Many of Jenkins’ concerns are the same ones shared by his neighbors. Speaking of District 6 in a more systemic sense, another one of Jenkins’ platforms is access to food and banking services.
“So it’s a food desert and there’s no major grocery store in the district. So we have got to make sure that people have access to quality foods. It’s also a banking desert. We’ve got to make sure people have access to lending institutions for the city as a whole,” Jenkins said.
If elected, he would be leaving the Peralta Board of Trustees halfway through his four-year term. Jenkins maintains that his purpose is to represent communities he has been a part of, first by being trustee of the Peralta Community College District where he first went to college, and now potentially as a council member representing the area he has lived in for the majority of his life.
In January, Jenkins became president of the California Association of Black School Educators (CABSE), an organization that seeks to advance equity for Black students in the state.
“I want better outcomes for Black children.
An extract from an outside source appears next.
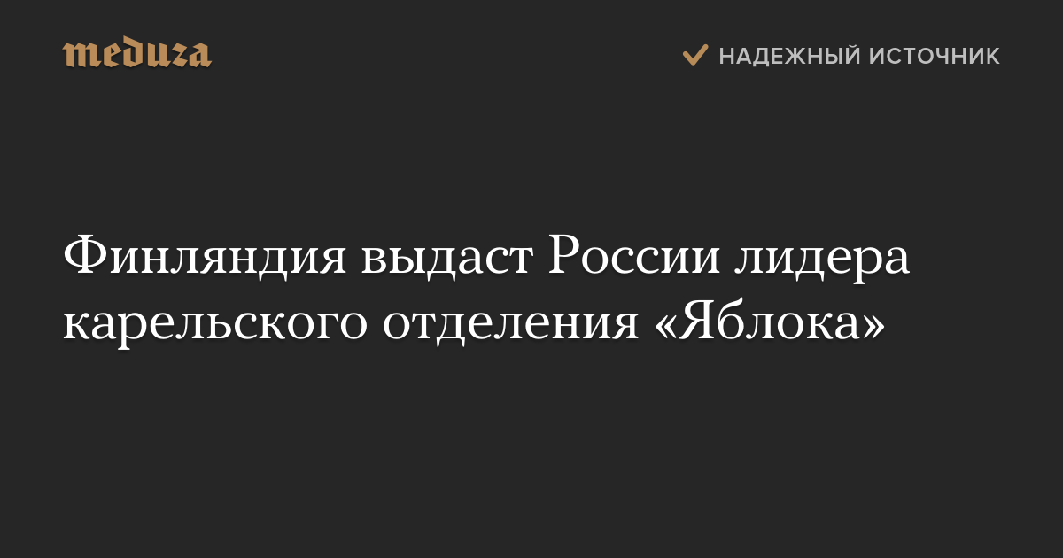 Финляндия выдаст России лидера карельского отделения «Яблока»

I mean, it’s real plain and simple: better outcomes. The outcomes are not where they should be. And we have a coalition of advocates that are advocating for that for Black students,” Jenkins said.
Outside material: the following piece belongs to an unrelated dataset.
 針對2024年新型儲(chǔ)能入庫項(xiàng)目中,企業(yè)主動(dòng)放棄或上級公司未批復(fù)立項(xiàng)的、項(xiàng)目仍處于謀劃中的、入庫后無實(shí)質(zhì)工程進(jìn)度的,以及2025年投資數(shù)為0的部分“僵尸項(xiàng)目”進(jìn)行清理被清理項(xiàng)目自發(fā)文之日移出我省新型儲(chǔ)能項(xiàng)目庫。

Looking to the future, Jenkins sees the East Oakland of 2030 or 2035 as one that’s clean and safe and is a place for what he describes as “development without displacement.”
“I can’t stress that enough,” Jenkins explained, going on to say that the displacement of one Oaklander is one too many.
“I hope that the development around the Coliseum will lead towards more restaurants or grocery stores and a better quality of life for the residents of East Oakland,” Jenkins said.
In an era where nothing can stay the same for long, significant changes are undoubtedly on the horizon in one form or another. The years ahead could be some of the most consequential for Oaklanders in every corner of the town, every neighborhood and corridor and attendance area.
Underneath the platforms and aspirations Jenkins stands on, the shared understanding is that our elected representatives must speak for best interests–but that we must always push to speak for ourselves.